From what you say these are my suggestions:



> water change- once in a month


not a very good idea Sam. the dominant fry will secrete hormones that do not allow the other fry to grow. Fry NEED constant water changes. i suggest a minimum of 50% water change every two days.



> i have not got any filter in my aquarium and i have not kept any live plants,sand or stones. there are no other fishes with my black mollies in the aquarium.


i suggest you get a filter. A simple sponge filter hooked up to an airpump will do the trick. it will only help your fry. it isnt necessary to keep plants or stones or decoration. i have 20+ guppy fry in a bare 7GL tank right now and they starting to show colors.

At 2 months, my last batch of molly fry were sexed and sold at lil over an inch. 

Hope this helps!

Cheers!


----------



## sam augustin (Jun 20, 2009)

Zakk said:


> From what you say these are my suggestions:
> 
> 
> not a very good idea Sam. the dominant fry will secrete hormones that do not allow the other fry to grow.

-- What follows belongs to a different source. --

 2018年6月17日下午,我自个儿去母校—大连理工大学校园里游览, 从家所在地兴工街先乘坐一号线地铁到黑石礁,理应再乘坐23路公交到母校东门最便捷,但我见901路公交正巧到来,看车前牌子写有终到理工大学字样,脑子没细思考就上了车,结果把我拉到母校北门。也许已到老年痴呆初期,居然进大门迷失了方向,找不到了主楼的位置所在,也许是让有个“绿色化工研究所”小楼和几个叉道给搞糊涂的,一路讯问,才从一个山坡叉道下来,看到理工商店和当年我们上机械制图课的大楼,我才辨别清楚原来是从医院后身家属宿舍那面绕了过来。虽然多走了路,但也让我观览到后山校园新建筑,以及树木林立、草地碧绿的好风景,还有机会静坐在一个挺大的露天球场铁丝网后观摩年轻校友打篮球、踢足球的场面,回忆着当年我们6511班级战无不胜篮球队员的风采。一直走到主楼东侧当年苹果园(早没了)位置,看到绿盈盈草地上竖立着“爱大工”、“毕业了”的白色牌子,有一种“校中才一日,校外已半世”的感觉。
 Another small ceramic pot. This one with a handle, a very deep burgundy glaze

Fry NEED constant water changes. i suggest a minimum of 50% water change every two days.
> ...


well sir i respect what all you have told me but i have seen in another places and they say that i can do a water change every 2 weeks and that too around 50% of water. i think 50% water change for every 2 days is a very short duration. i dont need a filter becuase my fishes dont make the water that dirty.

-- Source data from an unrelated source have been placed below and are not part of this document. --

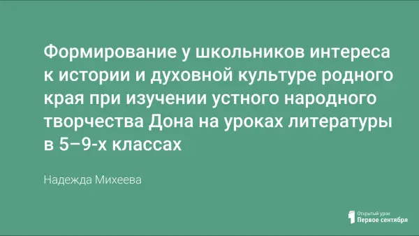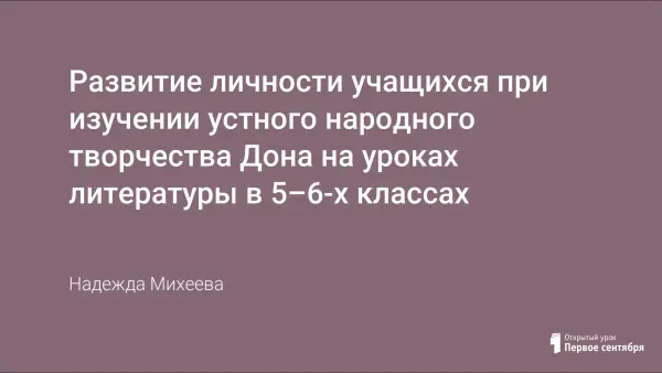 Уроки в 5–6-x классах, знакомящие с донскими казачьими и народными сказками, призваны научить учащихся понимать мир этих сказок, видеть приметы времени, народного уклада жизни, национального характера, верований, научиться понимать и воссоздавать поэтику сказки.
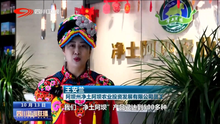 阿壩州凈土阿壩農(nóng)業(yè)投資發(fā)展有限公司員工 王安蘭:我們凈土阿壩產(chǎn)品已經(jīng)達(dá)到500多種,都實(shí)現(xiàn)現(xiàn)了標(biāo)準(zhǔn)化的生產(chǎn),通過(guò)電商,基本24小時(shí)就可以到達(dá)全國(guó)各地。
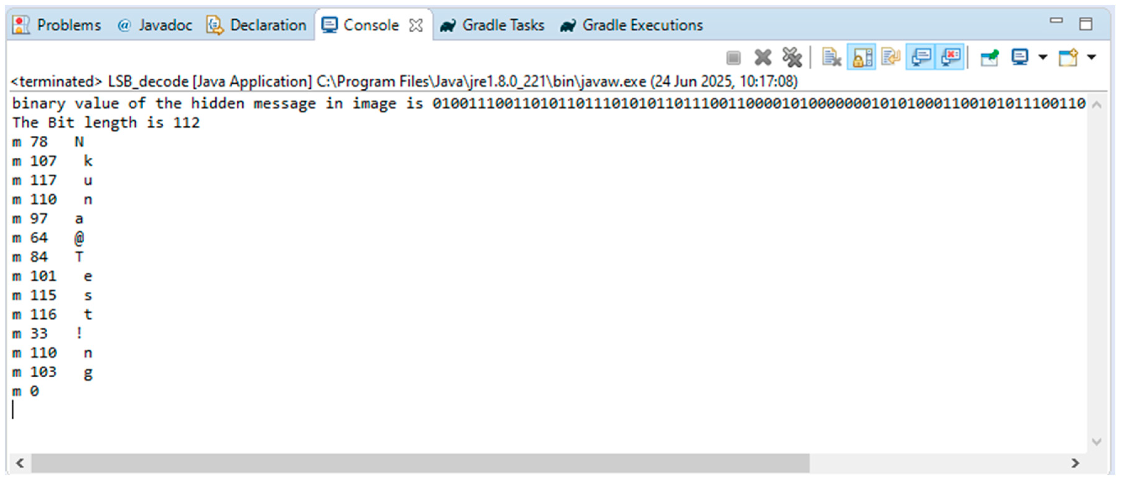 The decoding algorithm was also executed on the receiver side, and the following results were obtained from the Java console.

i would still like to ask how will the sponge filter help me fries?


----------



## Guest (Jun 20, 2009)

that is your decision Sam. i;ve been breeding live bearer for sometime and found that constant water changes help them grow well. 

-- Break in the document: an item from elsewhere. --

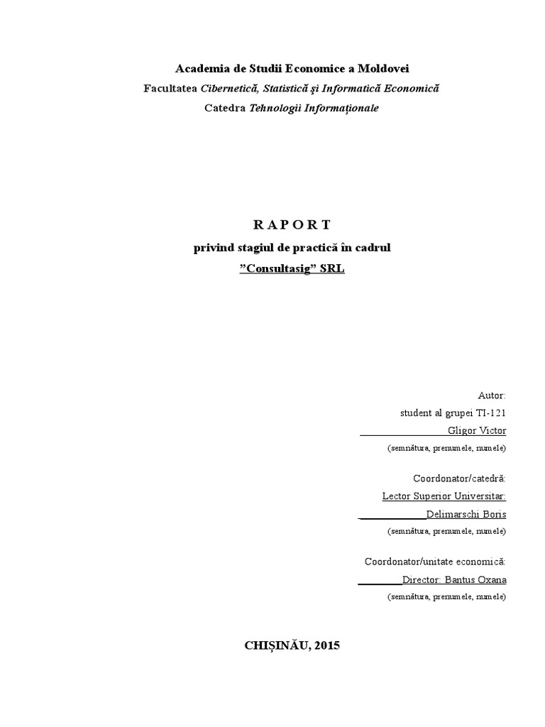 untuk "Raport De Practica Model Completat"

sponge filters wont be able to suck up the fry for one and two, will keep your water clean. but if you are hesitant, that fine. the final decision is yours.


----------



## sam augustin (Jun 20, 2009)

i think you are right. now i will do more water changes and i will try to put a sponge filter .thanks


----------



## emc7 (Jul 23, 2005)

If you change a lot of water and have a filter, you can feed many times a day and not have all the fish die from ammonia poisoning. Sponge filters are cheap. If you don't change water, I would be surprised if the fish survived, let alone grew.


----------



## blued941 (Jul 14, 2009)

purchase a filter also feed them tetramin baby food this is high in nutriention for them i have fed this to my black mollies they are now 2 weeks old and have doubled in size already also my guppies and endler babies are 1 month old and have their colours good luck


----------



## TheOldSalt (Jan 28, 2005)

Mollies are largely vegetarian, so feed them a veggie type flake like spirulina or some other green veggie flake food. That will help a bit, and yes, make water changes 2 or 3 times a week at least. That will make them grow more than anything else.


----------



## OldMan (Dec 30, 2008)

Lots of vegetable matter in the diet and frequent large water changes produced these at 3 months old. 
You can do as you like but that is also a well filtered tank with growing room for the fry. The angels in the picture are also very young and growing bigger daily.


----------



## Guest (Jul 25, 2009)

thats a nice ting of blue on the angels OldMan.


----------